Referring now to FIG. 4, a flow chart describing the general operation of such a system will now be described. First, inputs from one or more cameras and/or one or more sensors are received 400 from the scene. Such inputs are described above and are used determining 402 the pose of the viewer with respect to the display device, and determining 404 the pose of the display device with respect to the scene, as described above. Next, one or more objects within the scene are identified 406, such as through contour detection, whether automatically or semi-automatically, from which three dimensional models of simulated objects corresponding to those actual objects are generated. Given the determined poses and simulated objects, the simulated objects can be rendered and displayed 408 on the display in the scene such that simulated objects appear to the viewer to be in substantially a same place as the actual objects in the scene. As described above, in one implementation, such rendering is performed according to a view dependent depth corrected gaze.

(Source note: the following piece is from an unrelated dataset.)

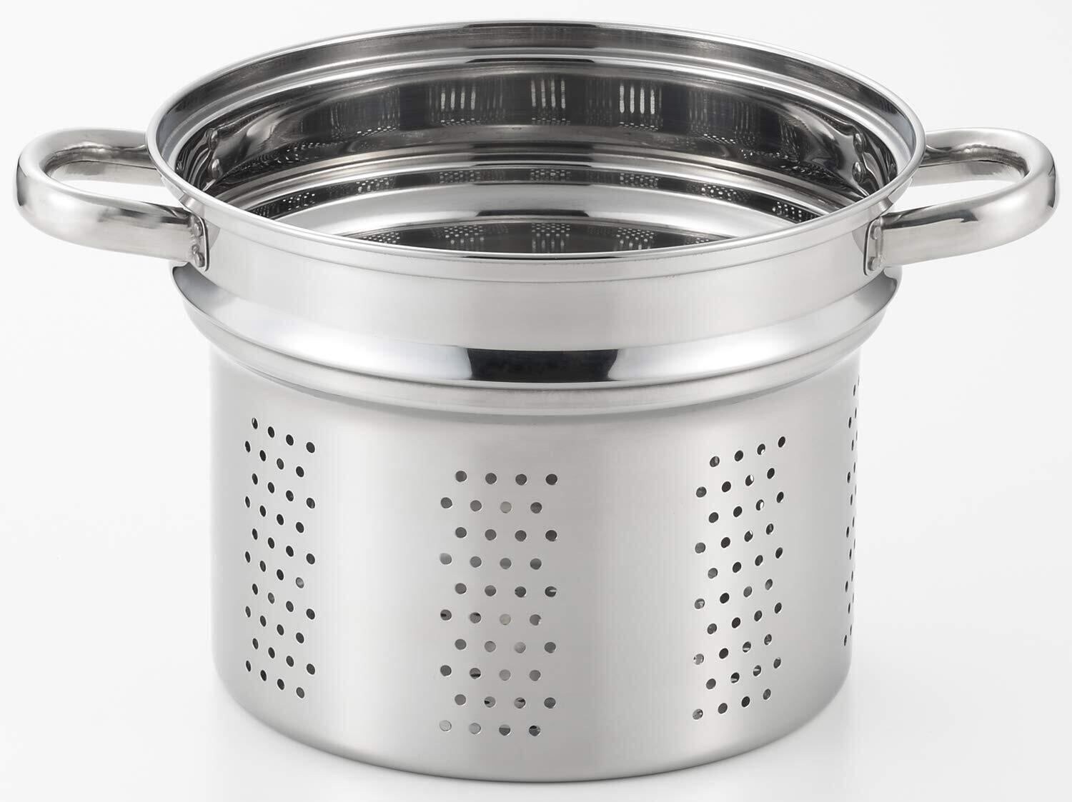ヨシカワ パスタポット 両手鍋 22cm 7.3L ガラス蓋付き 湯切り付き ステンレス IH・ガス火対応 トスカーナ SJ3120

An example implementation of the operation of using contour detection to generate the simulated models of objects in a scene will now be described in connection with FIG. 5. Given a scene, an image is processed 500, for example by using convention edge detection techniques, to identify contours of objects in the scene. Edge detection typically is based on finding sharp changes in color and/or intensity in the image. As a result, edges are identified, each of which can be defined by one or more line segments. Each line segment can be displayed 502 on the display, and the system then waits 504 for user input. The system then receives 506 user inputs indicating a selection of one or more line segments to define an object. When completed, the selected line segments are combined 508 into a three dimensional object. The process can be repeated, allowing the user to identify multiple objects in the scene.

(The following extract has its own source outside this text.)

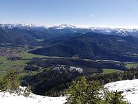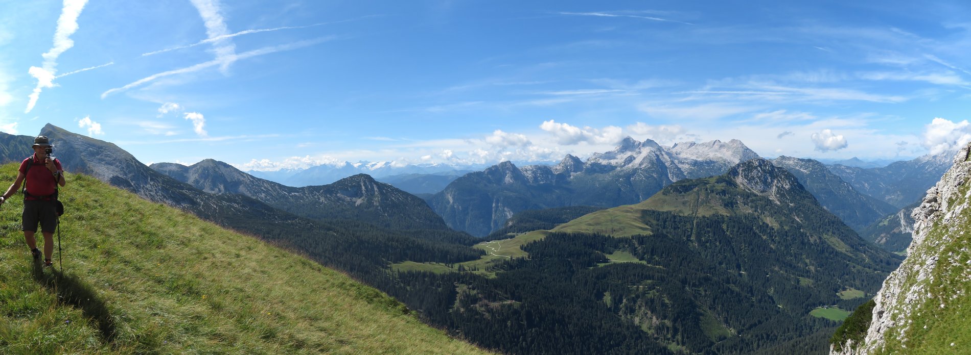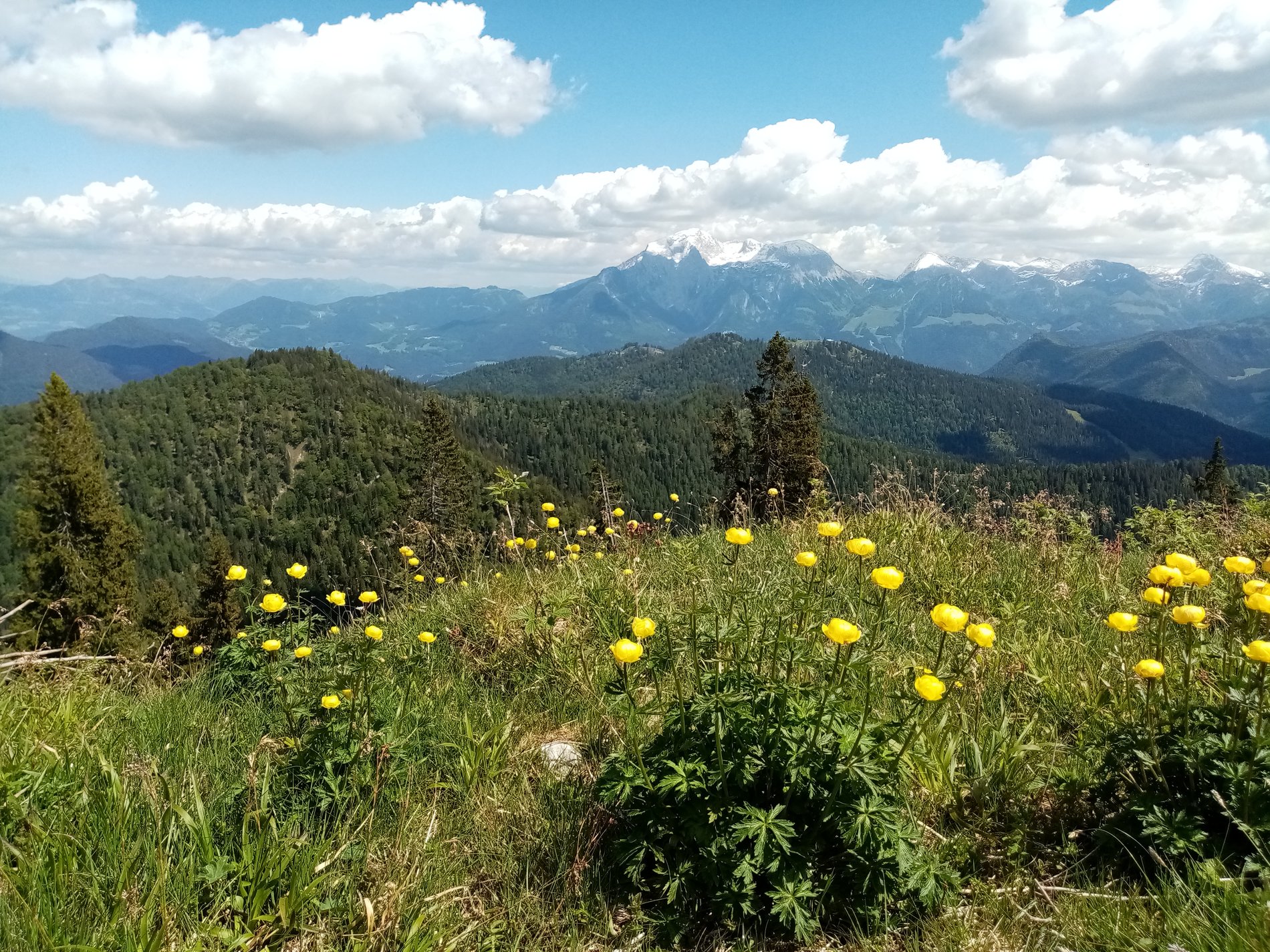 Bedingt durch ein paar Regentage war der Maximiliansreitweg teilweise schmierig und erforderte sicheres gehen. Je höher wir kamen, desto wärmer wurde es, der Weg wurde sicherer und die Augenblicke auf die schneebedeckten Gipfel vom Hohen Göll und Watzmann wurden mehr. Das letzte Wegstück zum Gipfel war felsig und erforderte Trittsicherheit und Händeeinsatz. Der Platz für die Brotzeit auf dieser Aussichtsloge gehörte uns ganz alleine. Fast noch ein Geheimtyp in Coronazeiten, wo viele Touren überlaufen sind.

Having now described the general architecture of such a design system, an example use case for the design system will now be described.

A user is interested in redesigning and interior living space, such as a bedroom or dining room, or exterior living space, such as a patio or deck. Using this design system, the user takes a position in the room, and holds the display in the direction of an area of the living space to be redesigned. For example, the user may look at a corner of a bedroom that has a few pieces of furniture. For example, as shown in FIG. 6, the user holds display 600, directed at a corner of a room 602. The scene includes a chair 604. Note that the view of the scene on or through the display 600 is in the context of the actual scene 606. After activating the design system, the design system performs object recognition, such as through contour analysis, prompting the user to identify objects in the displayed scene. After identifying objects in the scene, the design system renders and displays simulated objects, such as the chair 604, corresponding to the actual objects, such that they appear to the viewer to be in substantially a same place as the actual objects in the scene. The user can tag the objects by selecting each object and adding metadata about the object. For example, the user can identify the chair 604, and any other objects in the room, such as a chest of drawers (not shown), a nightstand (not shown) and a lamp (not shown) in the corner of the bedroom, and provide information about these objects.

If the user decides to change the chair and deletes its simulated object from the scene, the design system can gray out the chair object in the displayed scene. The user can access a library of other chair objects and selects a desired chair, placing it in the scene. The user then can select the rendering properties of the chair, selecting a kind of light for it, and animation of the light being turned off and on.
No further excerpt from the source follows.